SH: Was there ever any thought in your mind to stay in the Navy and continue with your career?

CD: Not really at that point. They had offered enlistment in reserves, but I didn't pursue it. I got my discharge and after my leave was up in June of '46, I got released altogether, detached completely.

RS: You were talking about points, and how to get out, how did you accumulate points? Was it just a matter of how much time or how long you were in?

CD: I think basically that's what it was, but I'm not sure whether marriage had any bearing or maybe children, but it didn't affect me at all, but I know Dave was married and I don't think he had any children at that time.

RS: It wasn't how many landings you have made?

CD: I don't recall that. I didn't get released on points, I just got released because the war had ended and we got our ship back and decommissioned. The only other episode I recall was back in Charleston Harbor, there in [Cooper] River. We were decommissioning the ship when one of the freighters that was tied up broke anchor and drifted into the bridge and did some damage to the bridge, and it was one of the main arteries going down South. We only had a handful of people and so many of our responsibilities were suspended, and one of them was, I guess, my doing. We weren't keeping logs anymore, all the weather reports that you had to do every hour, and they came onboard looking for our log. We had no log.

-------------------------------------END OF TAPE TWO, SIDE ONE--------------------------------------

SH: You were talking about being investigated and not having a ships log. Did this lead to any repercussions to you as captain?

CD: Fortunately, not. They maybe felt sorry for us at the time because there were only a handful of us left, and we didn't have much of anything left on the ship anymore.

SH: Were you still living onboard?

CD: We were living onboard, the few of us. I don't recall exactly, but there might have only been ten or twelve of us left, all the equipment was removed anyway, and getting ready to put the ship in mothballs up in the Cooper River, where there was a whole string of LSTs tied up, ... so, the ship was being readied to be towed up there and decommissioned.

SH: Where did you go from there?

CD: From there, I went to New Brunswick, New Jersey.

RS: Prior to reaching the Pacific, or even prior to going to Notre Dame and starting your training, did you have any expectations of what the war would be like or what you would actually be doing?
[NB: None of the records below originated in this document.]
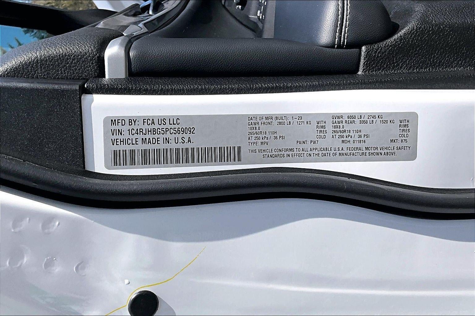 ENGINE: 3.6L V6 24V VVT UPG I W/ESS, TRANSMISSION: 8-SPEED AUTOMATIC 8HP50, QUICK ORDER PACKAGE 23E, WHEELS: 18"" X 8"" FULLY PAINTED ALUMINUM, TIRES: 265/60R18 BSW A/S LRR, BRIGHT WHITE CLEARCOAT, GLOBAL BLACK, CAPRI LEATHERETTE SEATS, DUAL-PANE PANORAMIC SUNROOF
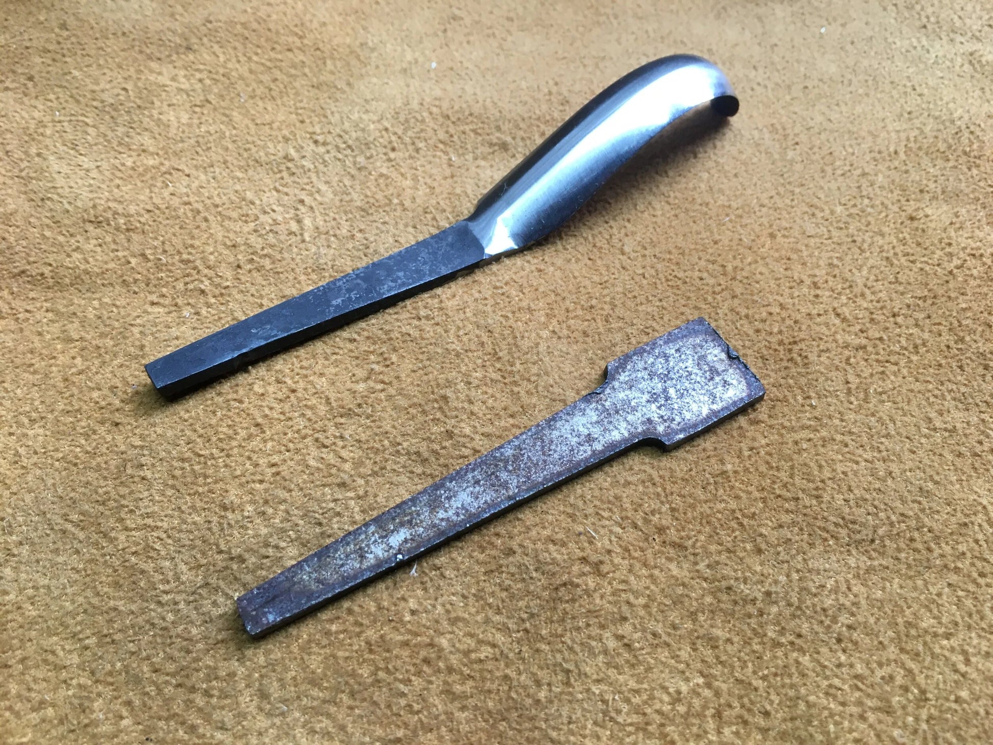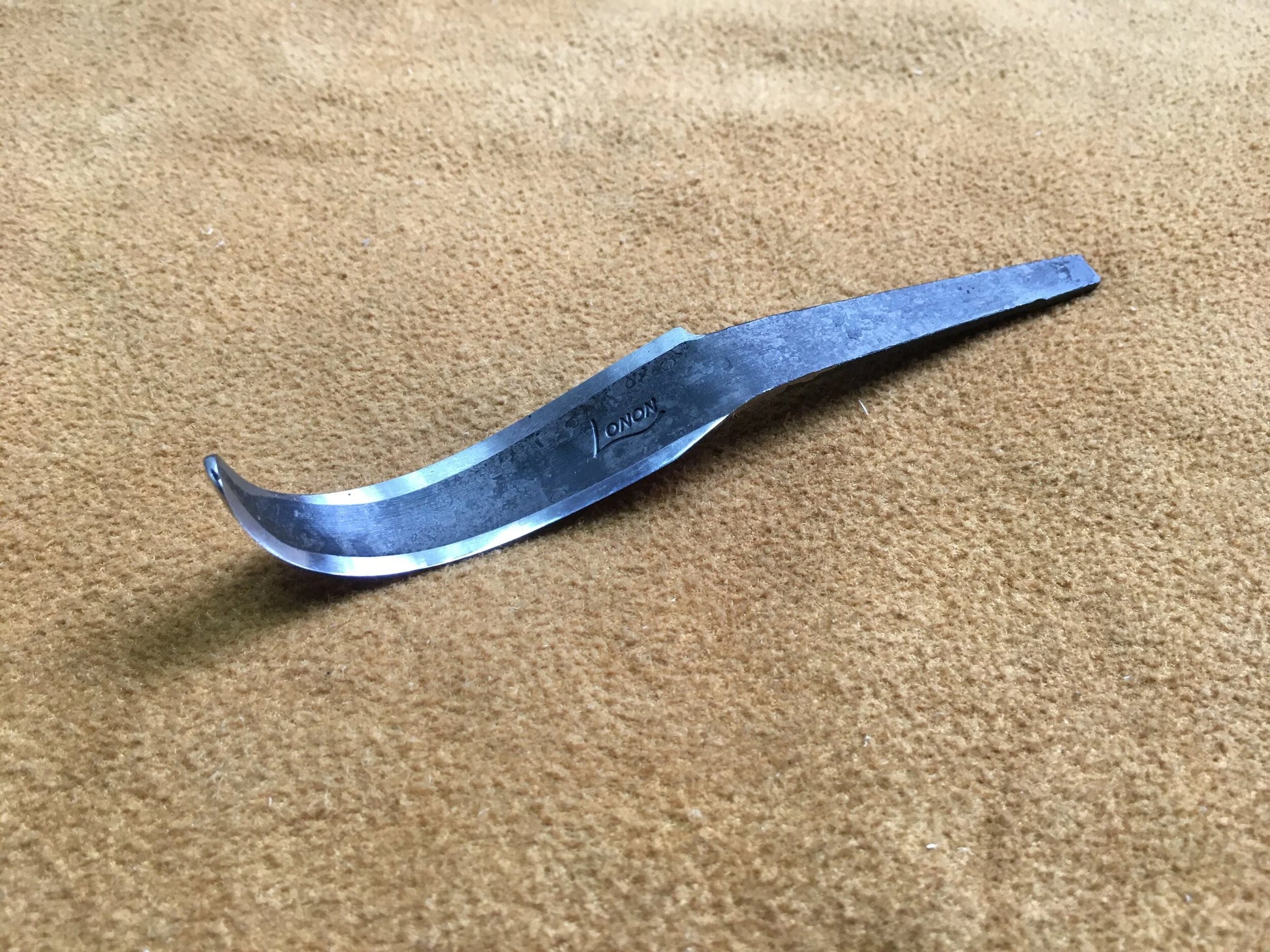 The result of years of experience in wood carving and toolmaking, this spoon knife is just the tool for carving the hollow part of wooden spoons. The blade is plasma cut from O-1 tool steel, forged into a hollow, bent into a variable sweep curve, hardened, tempered, ground, and sharpened.
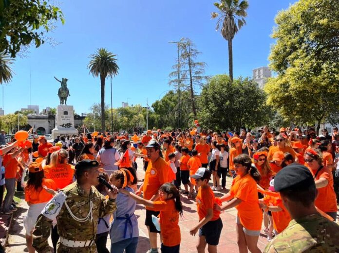 En este 2022, la ‘marea naranja’ -color que identifica a la causa- comenzó desde las puertas de la institución, ubicada en calle San María de Oro 548, frente a la Escuela de Jornada Completa N°110 Doctor General Benjamín Victorica y al Centro de Educación Física (CEF) N°3 Profesor Hugo Mario La Nasa. Y desde allí, y con el acompañamiento del personal de la División Tránsito y del Cuerpo de Bomberos Voluntarios de Concepción del Uruguay más los saludos de los transeúntes, marchó con cánticos y música por el bulevar Hipólito Yrigoyen y calle Urquiza hasta la plaza San Martín, un nuevo escenario para la realización de los festejos (en 2021 fue la parte posterior del establecimiento y anteriormente la plaza General Francisco Ramírez).
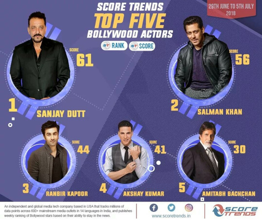 स्कोर ट्रेंड्स के सह संस्थापक अश्वनी कौल कहते हैं, फिल्म संजू के प्रमोशन के वक्त संजय दत्त के बारे में न्यूज प्रिंट, और डिजीटल दुनिया में काफी लिखा गया। सोशल मीडिया में भी काफी चर्चा हुईं। संजय दत्त की लोकप्रियता उनके बायोपिक को मिली सफलता से तो इतनी बढी है की, पिछले कई हफ्तों से लोकप्रियता के शिखर पर रहें सलमान खान को भी उन्होंने पिछे छोड़ दिया।
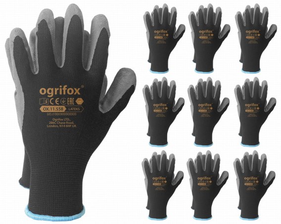 Rękawice robocze / Czarne / OX-LATEKS_BS - 10 Par (8 - M)
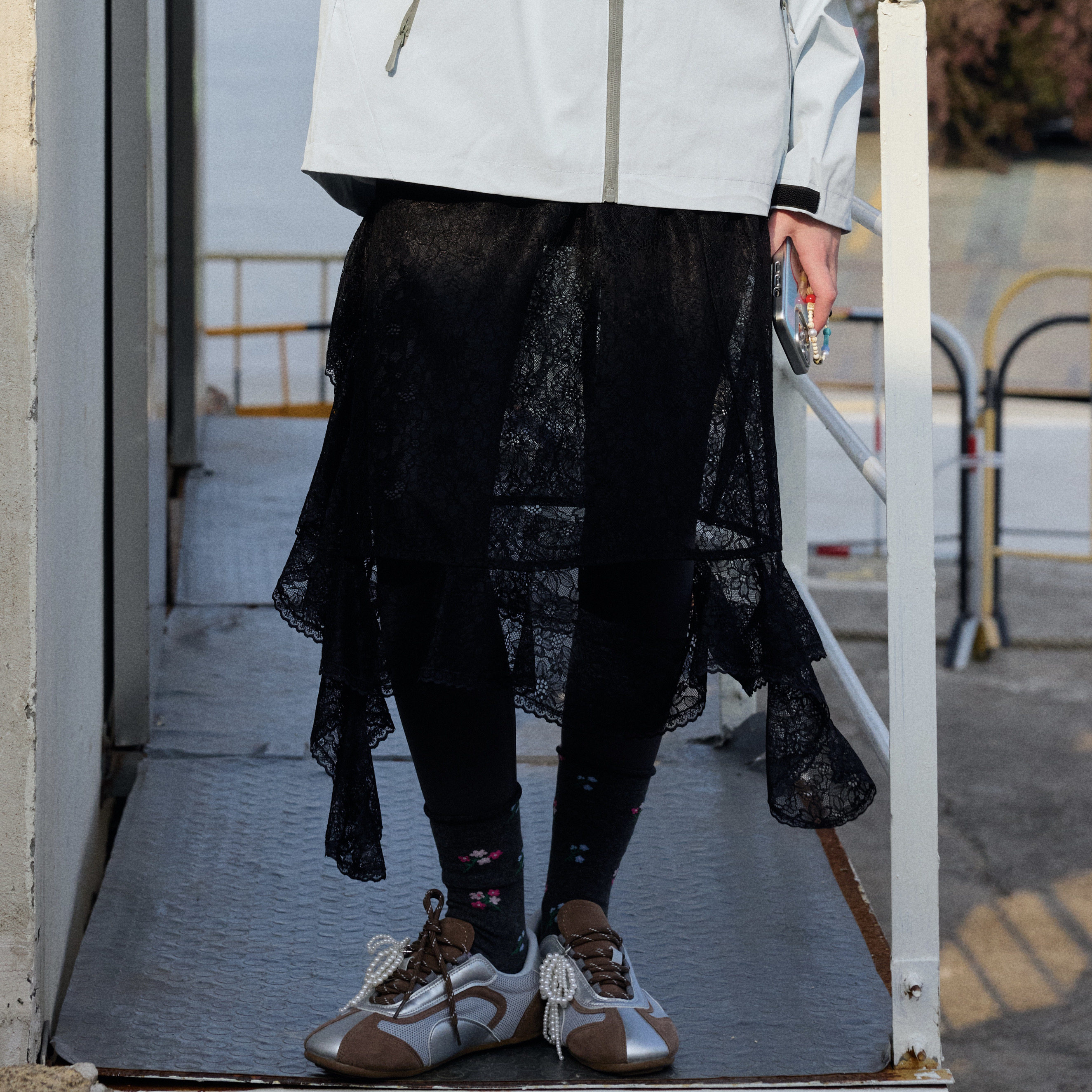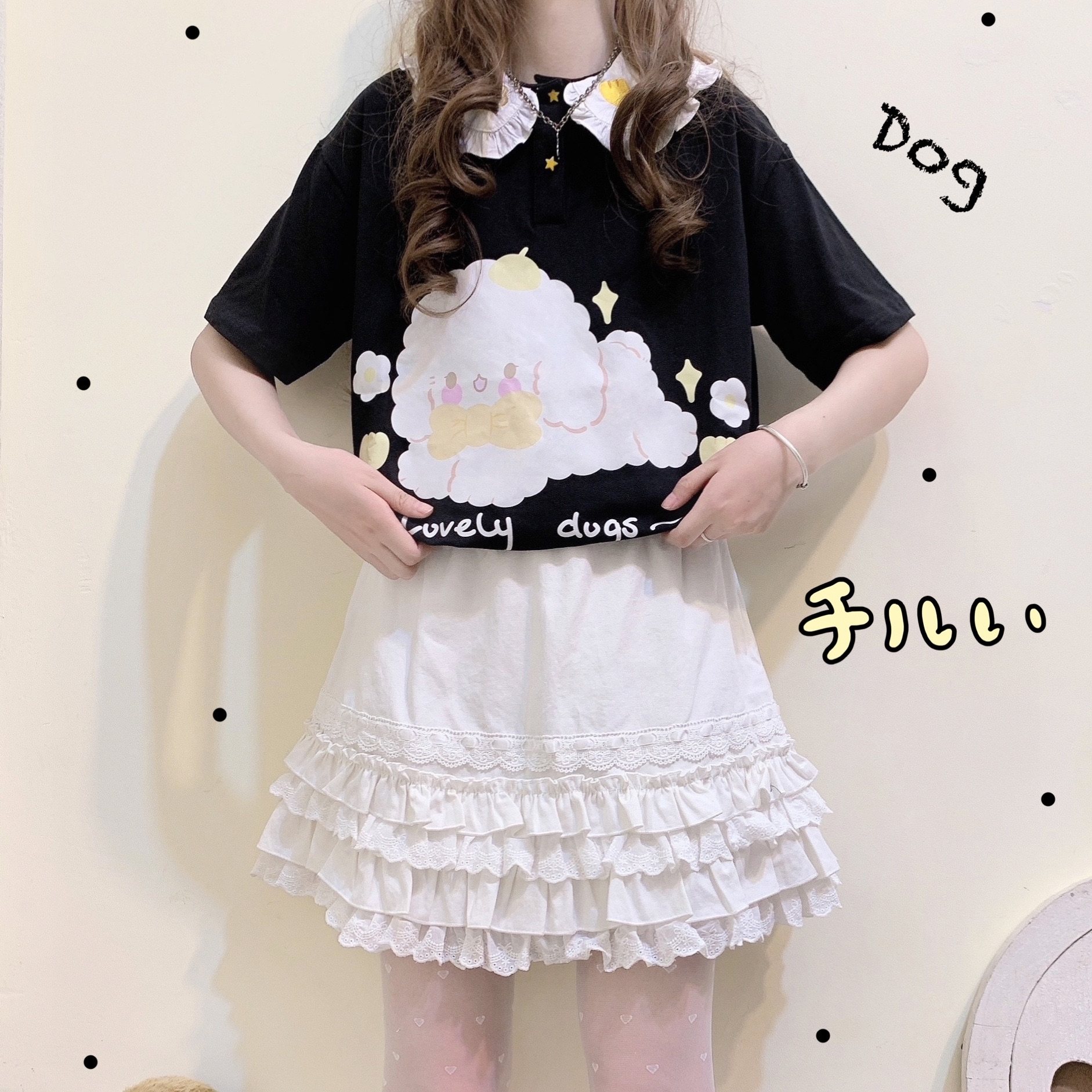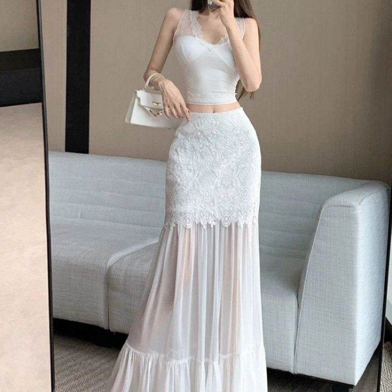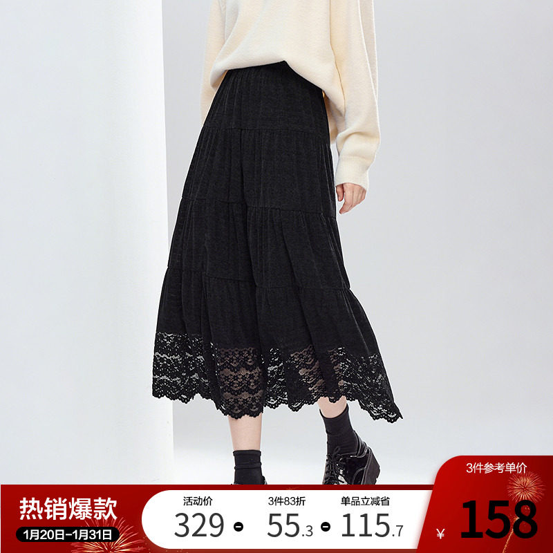 - 蕾丝百褶半身裙

CD: I really didn't know what I was doing, I'm not even sure why I joined the Navy, but I thought I wouldn't be trudging around the mud, and maybe a cleaner life and, if anything was going to happen, I wouldn't even know about it with being out on the water. ... I always, even to this day, I like the water. I still go swimming. [laughter] No, I didn't really anticipate what was going to happen to me at all.

SH: Were you discharged right from Charleston?

CD: No. I was actually discharged in New York, three years and ten months later, same place I signed up, 33 Pine Street.

SH: Your brother was he involved in the military?

CD: No, John, my brother, he was married and had a couple of kids already at that time, so he was never called.

SH: Could you just walk us through your life since your discharge, please?

CD: Well, after my discharge, I was married before my discharge. I went to work, my brother and I, we had a dairy lab in Bound Brook. ... We operated that dairy lab. We were doing bacteriological work for several dairies in the area from the Shore up to North Jersey and we pursued that for, I guess, about ten, twelve years. ... Then my brother had the opportunity to go manage a plant in Heightstown, where Ryan said he was from, and I had the opportunity to go up to a plant in Easton, Pennsylvania. So we gave up the lab at that point, and I worked up inEaston for two years and came back down to New Jersey, New Brunswick and Bound Brook, and started working here in Flemington in 1957. I commuted for about five years and bought a place in Flemington here and worked at Johanna Farms as director of quality assurance and retired from Johanna Farms in 1986, after twenty-nine years there. Florence and I married in 1985 and I've been here ever since. Never regretted retirement. [laughter]

SH: Could you tell us about your family before we end the interview?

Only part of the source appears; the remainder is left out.